EXERCISE AIM —
Line by line, the data below should be set down unchanged, with images excluded.

STORED DATA —
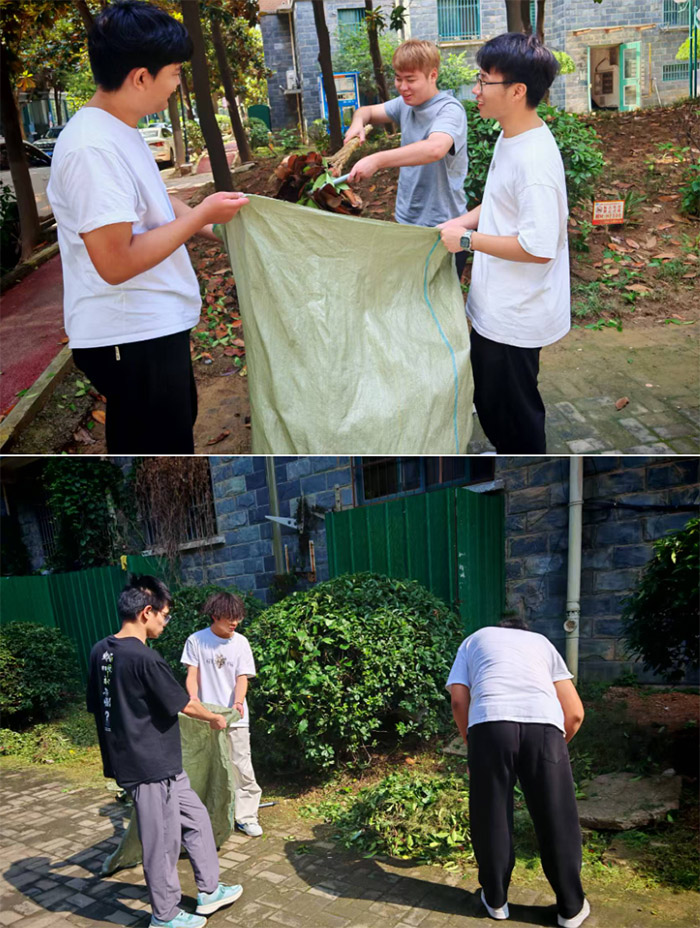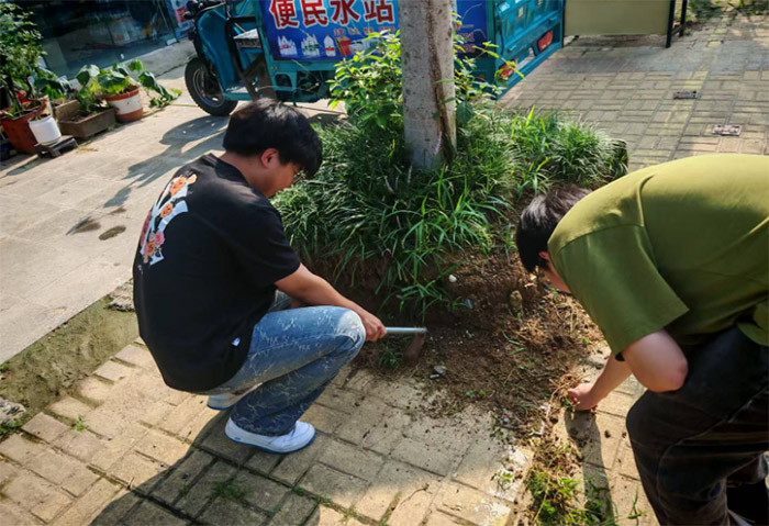 綠化帶整理組戴著手套拔除雜草、撿拾枯枝,將散落的塑料袋、飲料瓶等垃圾分類裝入環(huán)保袋,手持小鋤頭,對(duì)綠化帶內(nèi)的雜草進(jìn)行地毯式清除。
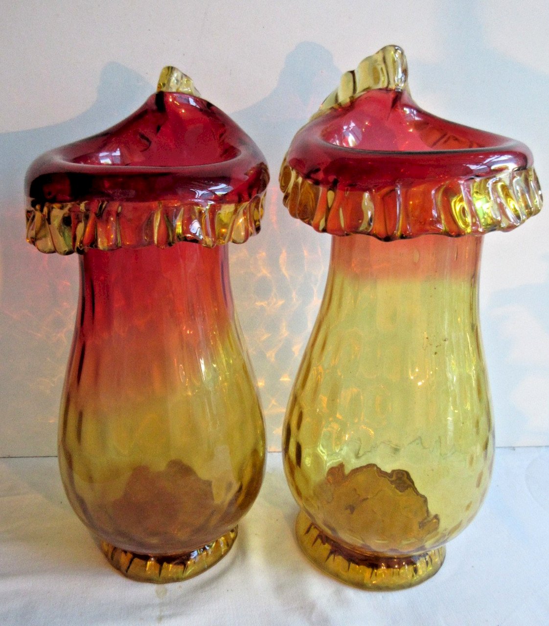 PAIR OF ART NOUVEAU VASES RED AND AMBER GLASS, AMBERINA
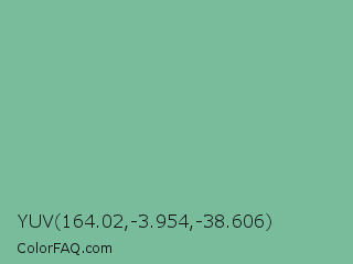 YUV 164.02,-3.954,-38.606 Color is a normal green color and the nearest color is Acapulco #7cb0a1. Hex code #78bc9c and RGB value is rgb(120,188,156). In RGB color space, this color is composed of 47% red, 74% green, 61% blue, In CMYK color space, this color is composed of 36% cyan, 0% magenta, 17% yellow , 26% black , In HSL color space, this color has a hue angle of 152° , 34% saturation and 60% lightness.

RESULT FOR THIS EXERCISE —
 綠化帶整理組戴著手套拔除雜草、撿拾枯枝,將散落的塑料袋、飲料瓶等垃圾分類裝入環(huán)保袋,手持小鋤頭,對(duì)綠化帶內(nèi)的雜草進(jìn)行地毯式清除。
 PAIR OF ART NOUVEAU VASES RED AND AMBER GLASS, AMBERINA
 YUV 164.02,-3.954,-38.606 Color is a normal green color and the nearest color is Acapulco #7cb0a1. Hex code #78bc9c and RGB value is rgb(120,188,156). In RGB color space, this color is composed of 47% red, 74% green, 61% blue, In CMYK color space, this color is composed of 36% cyan, 0% magenta, 17% yellow , 26% black , In HSL color space, this color has a hue angle of 152° , 34% saturation and 60% lightness.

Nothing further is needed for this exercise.